Bees better hurry up too, little bugs that can bring the house down.

The biggest lesson should be that robust defense takes a lot of time to mature. But there will be many opportunities for little bugs, but the core will be well defended.

But some of the very viruses in nature actually serve a purpose to continue the cycle of life. For instance, I didn’t know e.coli was used in artificial insulin production.

Just me June 27, 2013 8:23 PM

The biggest problem with looking towards nature for security solutions is that nature has had billions of years to evolve. For example, while it might be possible for the immune system to engage in a full-spectrum approach to disease control the evolution that has allowed that to happen is simply not possible for the single individual, organization, and probably not even nation. You can’t do it; it’s impossible. Imagine what your life would be like if you tried to bring into conscious awareness every nerve fiber, every immune response, every chemical that crossed a neural synapse. You would go stark raving mad.

In other words, it’s OK to look at nature for inspiration but it is not a good idea to look at nature for models of implementation.

Figureitout June 27, 2013 10:13 PM

Imagine what your life would be like…
Just me
–Yeah, but it’d be pretty cool for a little; plug into the matrix. It’s like trying to use a computer and the internet to do something besides fixing mistakes someone else made.
And monkeys seem to find their way into the coding process.

David Leppik June 28, 2013 12:07 PM

Open source? The authors need to look that up in the dictionary. I’m pretty sure they mean no secrets. There is no copyright in nature, and they aren’t referring to the DNA/RNA code-swapping that some viruses facilitate.

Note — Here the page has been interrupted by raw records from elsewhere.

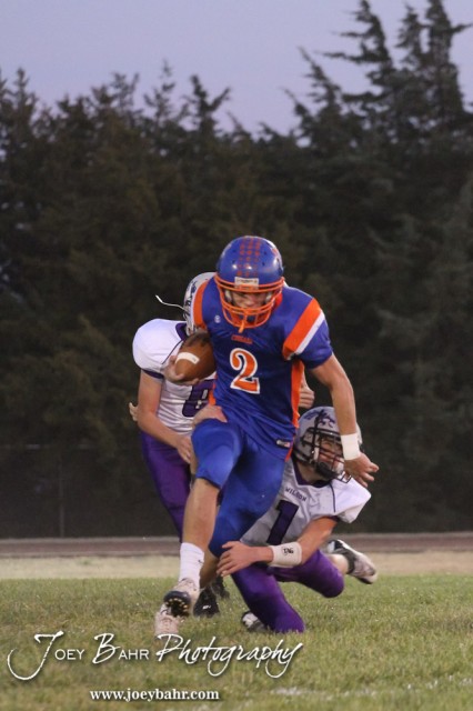 Otis-Bison Cougar Dylan Wissman (#2) runs through the tackle of Wilson Dragon Cole Zelenka (#1) during the Wilson High School at Otis-Bison High School Eight Man Division II District 7 matchup with Otis-Bison winning 60-14 in Otis, Kansas on October 19, 2012. (Photo: Joey Bahr, www.joeybahr.com)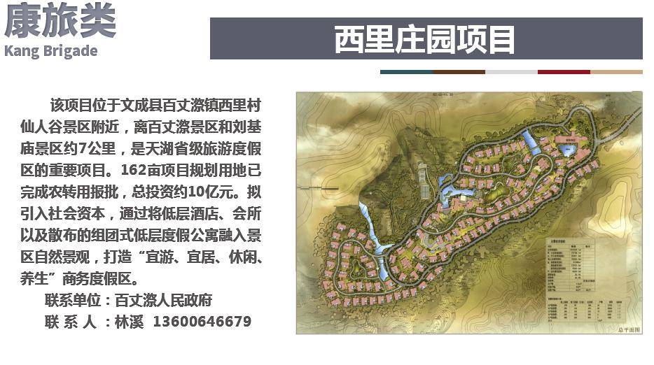 该项目属于康旅类项目,位于百丈漈镇西里村仙人谷景区边上,离百丈漈景区和刘基庙景区约7公里,是天湖省级旅游度假区的重要项目。162亩项目规划用地已完成农转用报批,总投资约10亿元。拟引入社会资本,通过将低层酒店、会所以及散布的组团式低层度假公寓融入景区自然景观,打造“宜游、宜居、休闲、养生”商务度假区。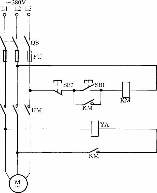 线路中 YA 为制动电磁铁,在通电后,制动解除;在断电后,YA 立即制动。
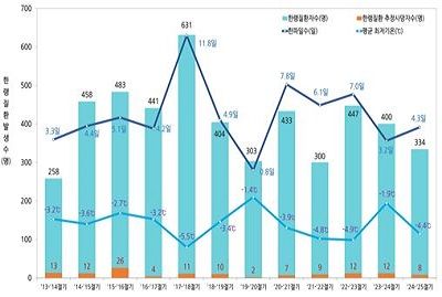 질병관리청(청장 지영미)이 지난 2024년 12월 1일부터 2025년 2월 28일까지 운영한 ‘2024-2025 한랭질환 응급실 감시체계’ 결과, 한랭질환자 334명(사망 8명)이 발생해 전년 대비 환자 16.5%, 사망자는 33.0% 감소했다고 발표했다.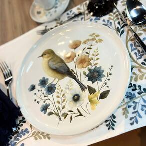 Elegância Duradoura: Inspirado nos jardins floridos e no canto suave dos pássaros, traz leveza e charme à composição da mesa.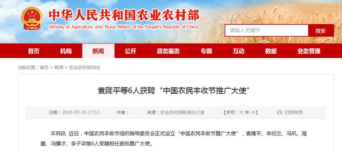 “中國農民豐收節(jié)宣傳大使”,袁隆平、申紀蘭、馮鞏、海霞、馮驥才、李子柒等被聘為首批推廣大使。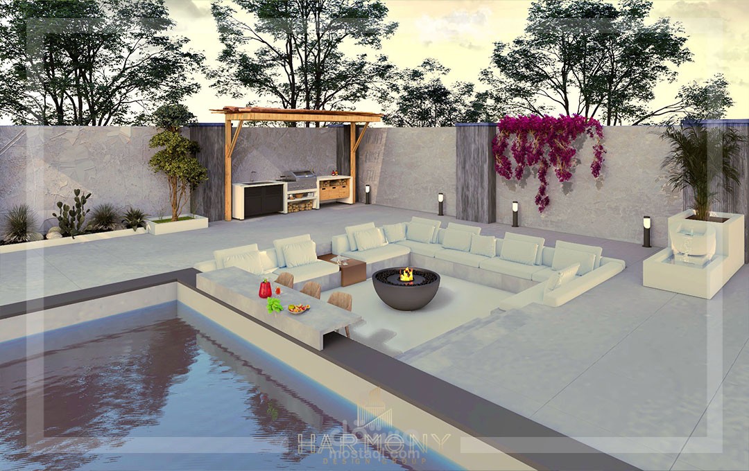 تصميم واجهات + حديقة خلفية نظام موديرن في الرياض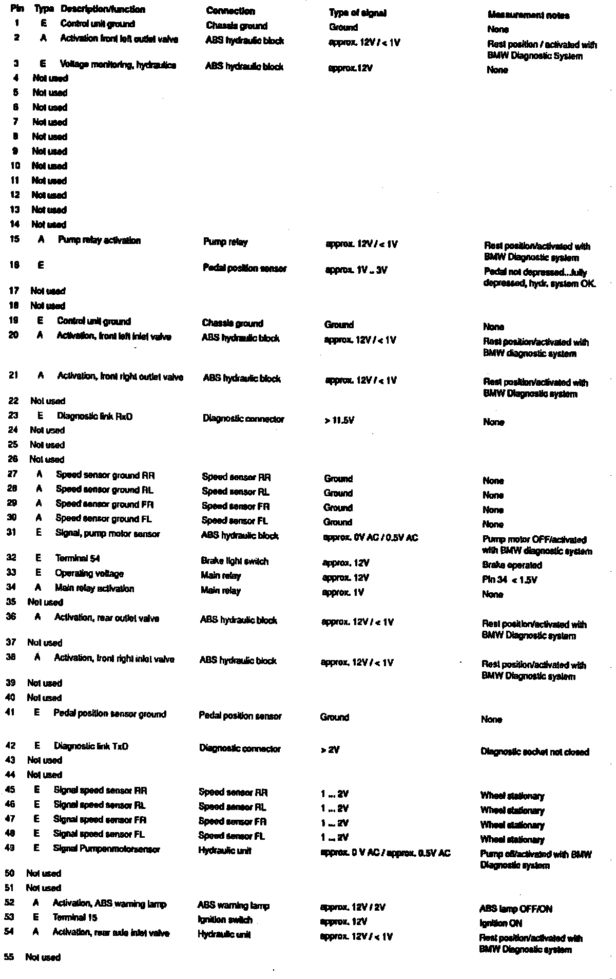 Fig. 2 55-pole ABS Connector Pin Identification & Values. 1991-92 300 Series:

noseyparkerunit July 2, 2013 9:27 PM

‘m impressed with Manuka honey, brand name Medihoney which was given to me for a large leg wound at my hospital. There is some kind of weird germ killing mechanisms in that substance that colonies of bees figured out how to protect their honey from bacteria over eons. Now, stop and take a look at something called quorum sennsing where let’s imagine the bees substance blocks hives of bacteria from communicating. Sort of like blocking cell phone networks.

I’m beginning to see the world that way. Our bodies regenerate through their quorum senses. Cells working together like hives of bees. Bacteria interrupts that. The bees figured how to keep the bacteria from ganging up on their honey.

And on my leg wound.

You can go a long way into biology with those analogies.

There’s a lot more to it. Look at videos of Peter Molan on Youtube explaining how Manuka honey works. Lots of different processes going on. And he doesn’t completely understand it either.

That crazy John McAfee was investing in this quorum sensing technology in the jungles of Belize but then strange things happened to him which I won’t try to figure out.